Es blieb bei dieser Frage, denn ehe Lewin antworten konnte, wurden im Spiegelzimmer Stimmen laut, und dem zwei Doppelleuchter vorantragenden Jäger paarweis folgend, traten jetzt Krach und Bamme, dann Medewitz und Rutze bei der Gräfin ein.

Nach kurzer Begrüßung wurde auf dem großen Sofa Platz genommen, und die Gräfin, abwechselnd an den einen oder andern ihrer Gäste sich wendend, teilte denselben mit, daß Baron Pehlemann wegen eines neuen heftigen Podagraanfalles abgeschrieben, Drosselstein aber – durch Geschäfte zurückgehalten – erst für 4½ Uhr sein Erscheinen zugesagt habe. »Ich denke«, so schloß sie, »wir warten auf ihn. Der ersten Viertelstunde, die das Recht jeden Gastes ist, legen wir die zweite zu.« Alles verneigte sich, wenn auch unter geheimem Protest.
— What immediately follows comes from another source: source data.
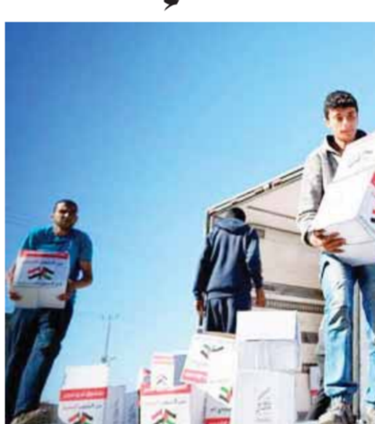
صندوق تخيا مصر

وفى عام ٢٠١٤ خصصت الامارات مبلغ ١٥ مليون دولار لإعادة تأهيل مدينة جنين كما قدمت الجزائر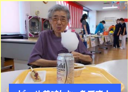
ビール美味しかったです！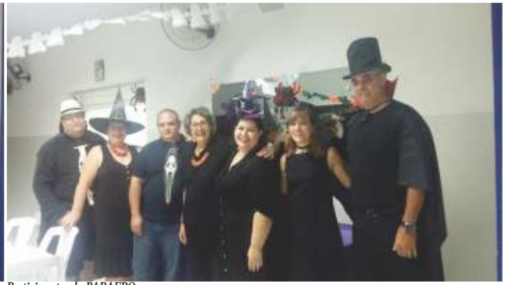
Participantes do BARAERO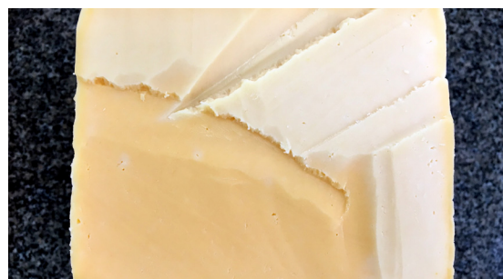
Figura II: Queijo Prato fatiado em bandeja.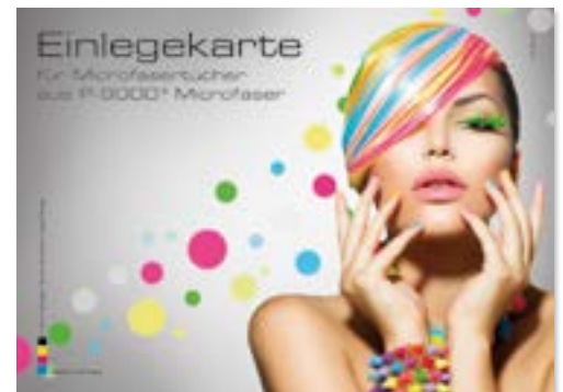
Ansicht der fertigen Einlegekarte

— = Druckfläche 216 x 156 mm inkl. 3 mm Beschnittzugabe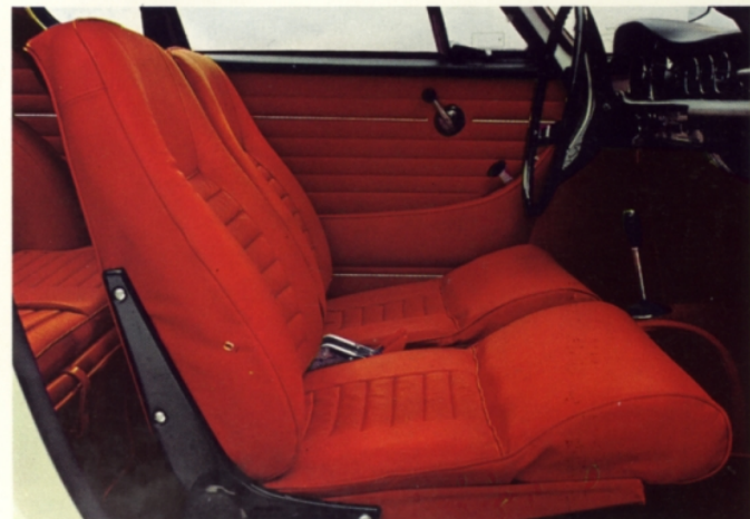
Volvo 1800 S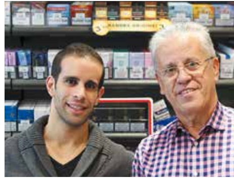
● Presse-Tabac Au petit tabac 2, avenue Edouard-Vaillant ☎ 01 41 71 06 44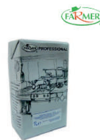
Mleko UHT 3,2%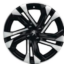
17-Zoll-Alufelgen SALAMANCA, glanzgedreht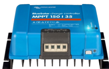
Contrôleur de charge solaire MPPT 150/35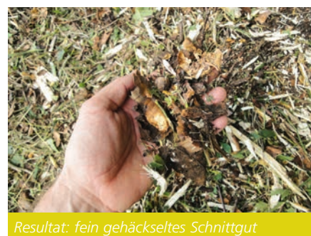
Resultat: fein gehäckseltes Schnittgut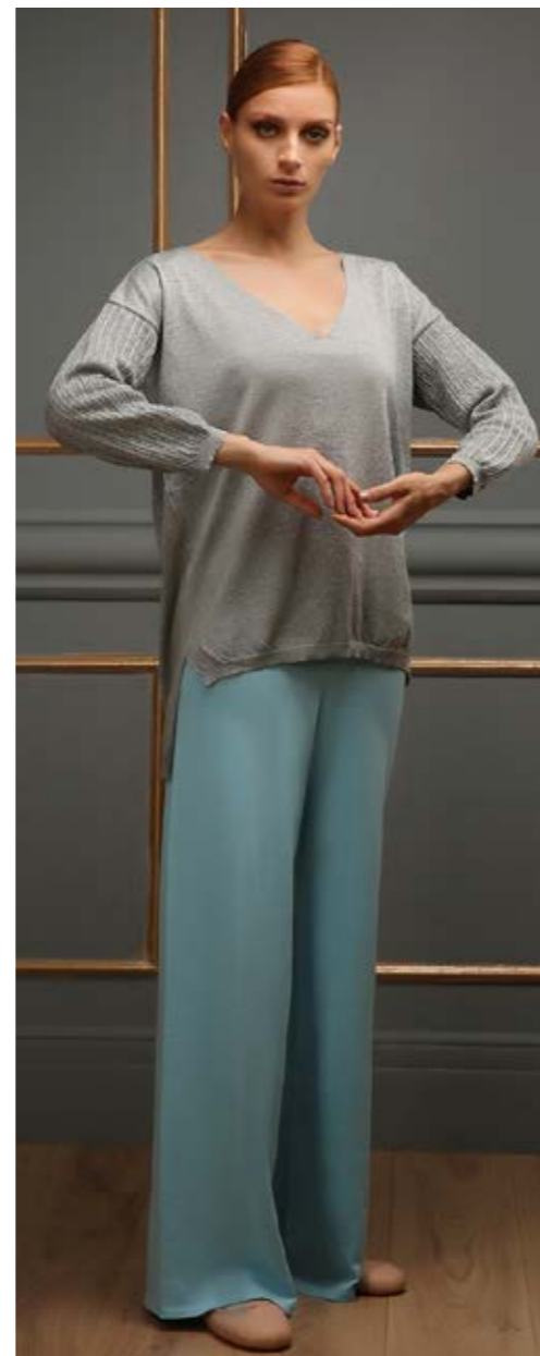
Blouse : NF2163 Pants : NF2149

Eine solche Wartehalbestunde pflegt der Unterhaltung nicht günstig zu sein. Die Schweigsamen schweigen mehr denn je, aber auch die Beredten halten ängstlich zurück, unlustig, ihre vielleicht nur noch des Abschlusses harrende glänzende Anekdote durch die Meldung des eintretenden Dieners unterbrochen und zu ewiger Pointelosigkeit verurteilt zu sehen. Bamme gehörte dieser letzteren Gruppe an, bezwang sich aber und war der einzige, der den ersichtlichen Bemühungen der Gräfin hilfreich entgegenkam. Freilich nur mit teilweisem Erfolg. Über eine sprungweise Konversation kam man nicht hinaus, und die Fragen drängten sich, ohne daß eine rechte Antwort abgewartet wurde. Das Baron Pehlemannsche Podagra gab den dankbarsten Stoff. »Warum mußte er beim letzten Dachsgraben wieder zugegen sein? Ein Podagrist und zwei Stunden im Schnee! Warum riß er wieder den Rauenthaler an sich? Aber das ist so Pehlemannsche Bravour: ein freudiger Opfertod auf dem Altar der Gourmandise! Im übrigen, wo blieb ›Cedo majori‹? Warum hat er nicht seine Muse zitiert?«

»Er hat«, entgegnete die Gräfin und nahm aus einer vor ihr stehenden Alabasterschale ein zierlich zusammengefaltetes Billet. Aber die beiden Stutzuhren, auf deren gleichen Pendelgang Tante Amelie mit peinlicher Gewissenhaftigkeit hielt, schlugen eben halb, die gewährte Frist war um, und die Flügeltüren des hellerleuchteten Eßsaals öffneten sich pünktlich und lautlos nach innen zu.

Die Gräfin und Krach führten sich. In demselben Augenblick trat auch Drosselstein ein. Mit der Linken hinübergrüßend, wie um anzudeuten, daß er die Tischprozession nicht zu stören wünsche, bot er Renaten seinen Arm. Bamme und Lewin folgten, dann Medewitz. Rutze machte den Schluß.

Dieser, ein leidenschaftlicher Schnupfer, benutzte die Gelegenheit, um aus der stehengebliebenen Tabatière der Gräfin zu naschen. Nicht ungestraft. Ehe er noch die Schwelle des Saales überschritten hatte, war schon das Gewitter herauf. Alles lachte, und Bamme rief: »Ertappt!« Nur Krach bewahrte wie gewöhnlich seine Haltung.